- **Given material**:
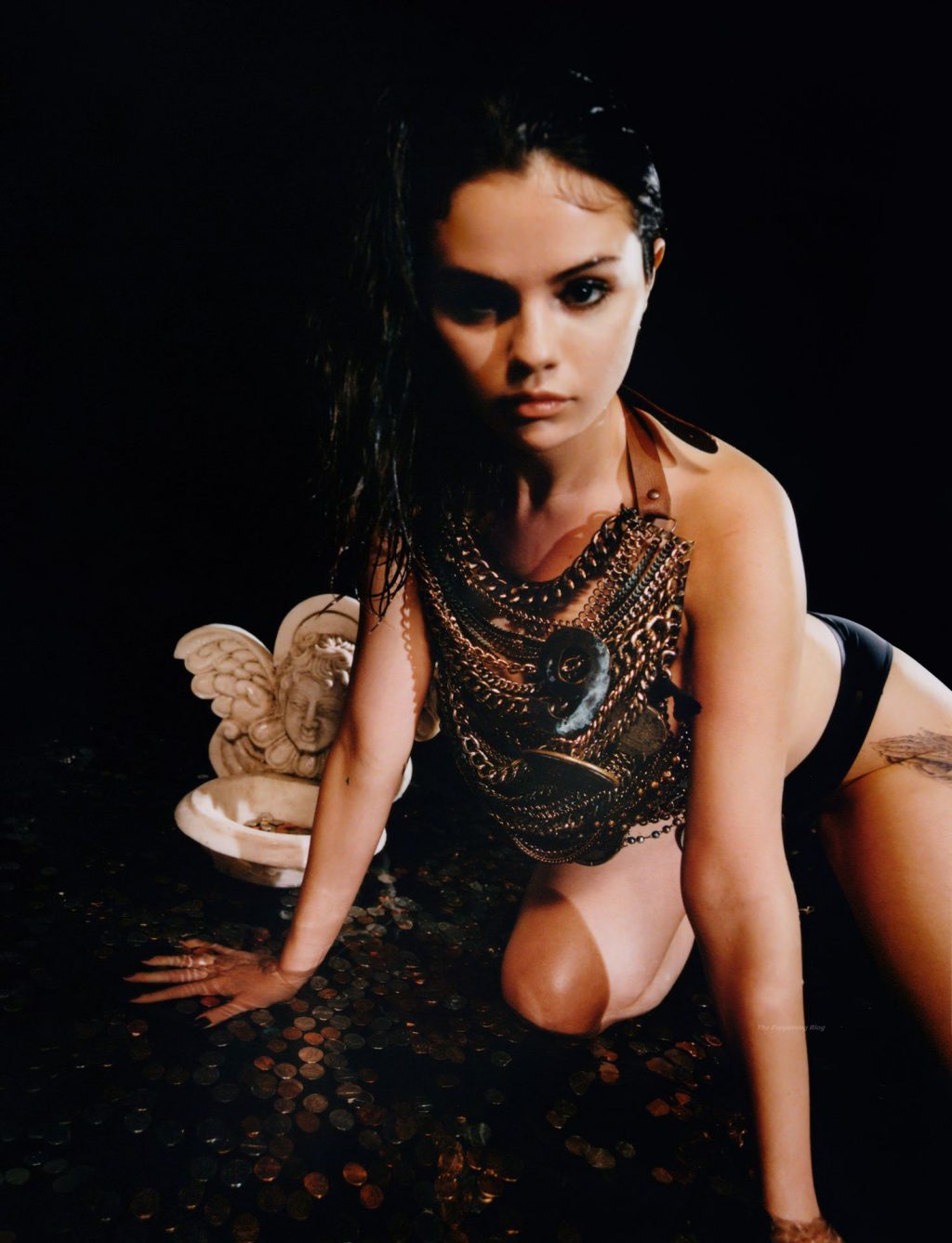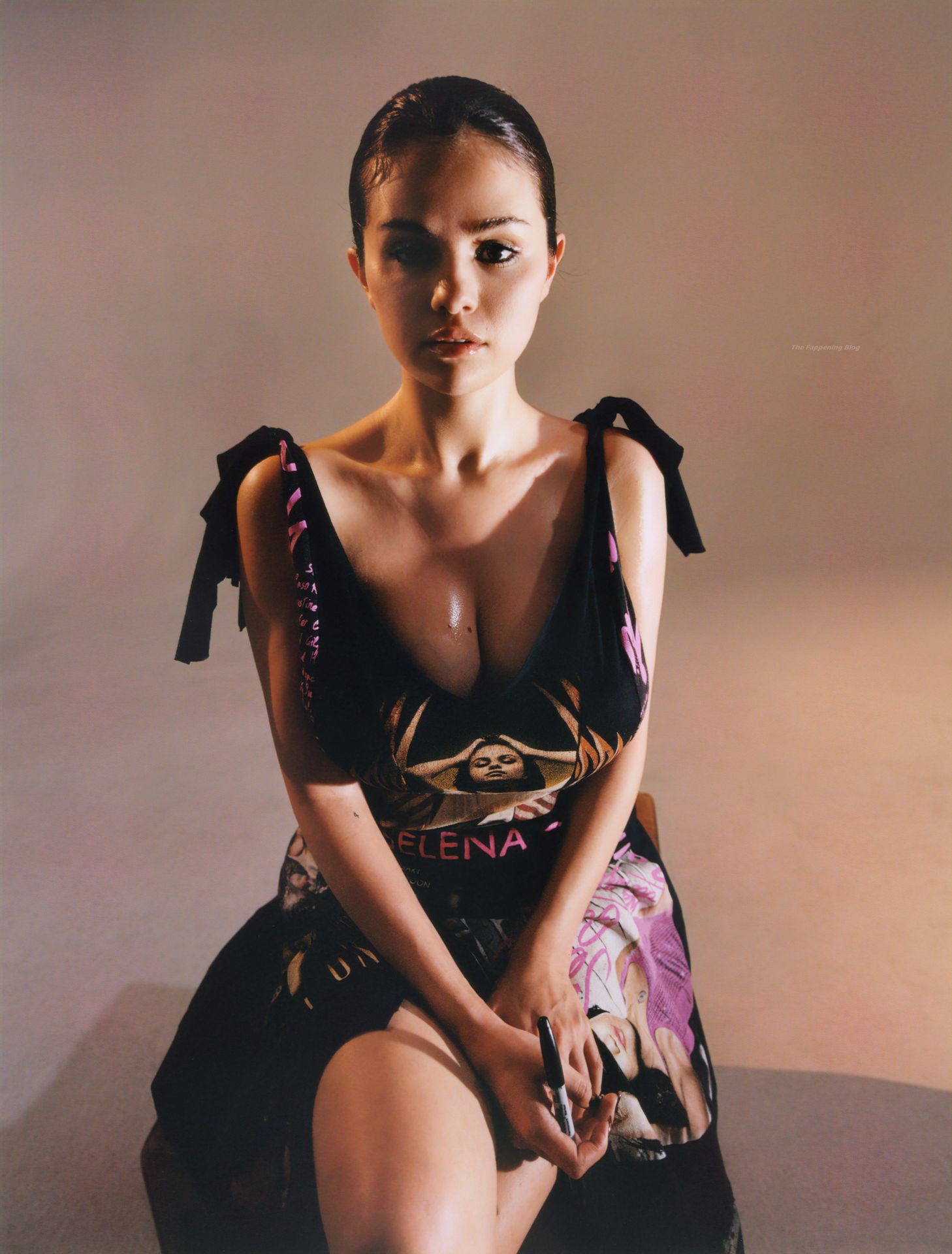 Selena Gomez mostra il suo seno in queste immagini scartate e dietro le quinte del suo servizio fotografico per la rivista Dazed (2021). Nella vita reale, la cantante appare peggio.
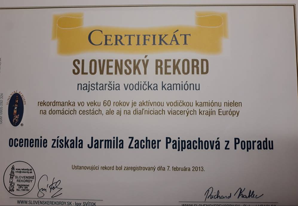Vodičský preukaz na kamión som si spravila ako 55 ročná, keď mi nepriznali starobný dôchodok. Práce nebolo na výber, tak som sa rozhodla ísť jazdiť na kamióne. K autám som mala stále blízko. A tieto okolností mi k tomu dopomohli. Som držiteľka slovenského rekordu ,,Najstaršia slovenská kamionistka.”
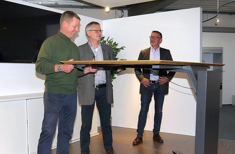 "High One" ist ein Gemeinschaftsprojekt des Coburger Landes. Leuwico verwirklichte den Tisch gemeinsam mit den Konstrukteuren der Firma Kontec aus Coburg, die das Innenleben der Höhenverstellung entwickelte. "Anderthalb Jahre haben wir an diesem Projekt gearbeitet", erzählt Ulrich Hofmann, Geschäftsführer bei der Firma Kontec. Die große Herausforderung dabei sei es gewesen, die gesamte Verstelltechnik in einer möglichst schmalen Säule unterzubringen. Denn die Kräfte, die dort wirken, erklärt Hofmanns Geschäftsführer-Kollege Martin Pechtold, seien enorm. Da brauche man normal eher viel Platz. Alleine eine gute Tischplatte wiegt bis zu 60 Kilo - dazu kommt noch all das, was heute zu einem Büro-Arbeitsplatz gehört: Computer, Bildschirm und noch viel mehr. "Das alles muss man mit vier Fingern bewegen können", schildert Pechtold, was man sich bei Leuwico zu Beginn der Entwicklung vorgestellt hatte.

- **Problem requirements**: For this exercise, transcribe the data exactly but without its pictures.

- **Response to the task**:
 Selena Gomez mostra il suo seno in queste immagini scartate e dietro le quinte del suo servizio fotografico per la rivista Dazed (2021). Nella vita reale, la cantante appare peggio.
Vodičský preukaz na kamión som si spravila ako 55 ročná, keď mi nepriznali starobný dôchodok. Práce nebolo na výber, tak som sa rozhodla ísť jazdiť na kamióne. K autám som mala stále blízko. A tieto okolností mi k tomu dopomohli. Som držiteľka slovenského rekordu ,,Najstaršia slovenská kamionistka.”
 "High One" ist ein Gemeinschaftsprojekt des Coburger Landes. Leuwico verwirklichte den Tisch gemeinsam mit den Konstrukteuren der Firma Kontec aus Coburg, die das Innenleben der Höhenverstellung entwickelte. "Anderthalb Jahre haben wir an diesem Projekt gearbeitet", erzählt Ulrich Hofmann, Geschäftsführer bei der Firma Kontec. Die große Herausforderung dabei sei es gewesen, die gesamte Verstelltechnik in einer möglichst schmalen Säule unterzubringen. Denn die Kräfte, die dort wirken, erklärt Hofmanns Geschäftsführer-Kollege Martin Pechtold, seien enorm. Da brauche man normal eher viel Platz. Alleine eine gute Tischplatte wiegt bis zu 60 Kilo - dazu kommt noch all das, was heute zu einem Büro-Arbeitsplatz gehört: Computer, Bildschirm und noch viel mehr. "Das alles muss man mit vier Fingern bewegen können", schildert Pechtold, was man sich bei Leuwico zu Beginn der Entwicklung vorgestellt hatte.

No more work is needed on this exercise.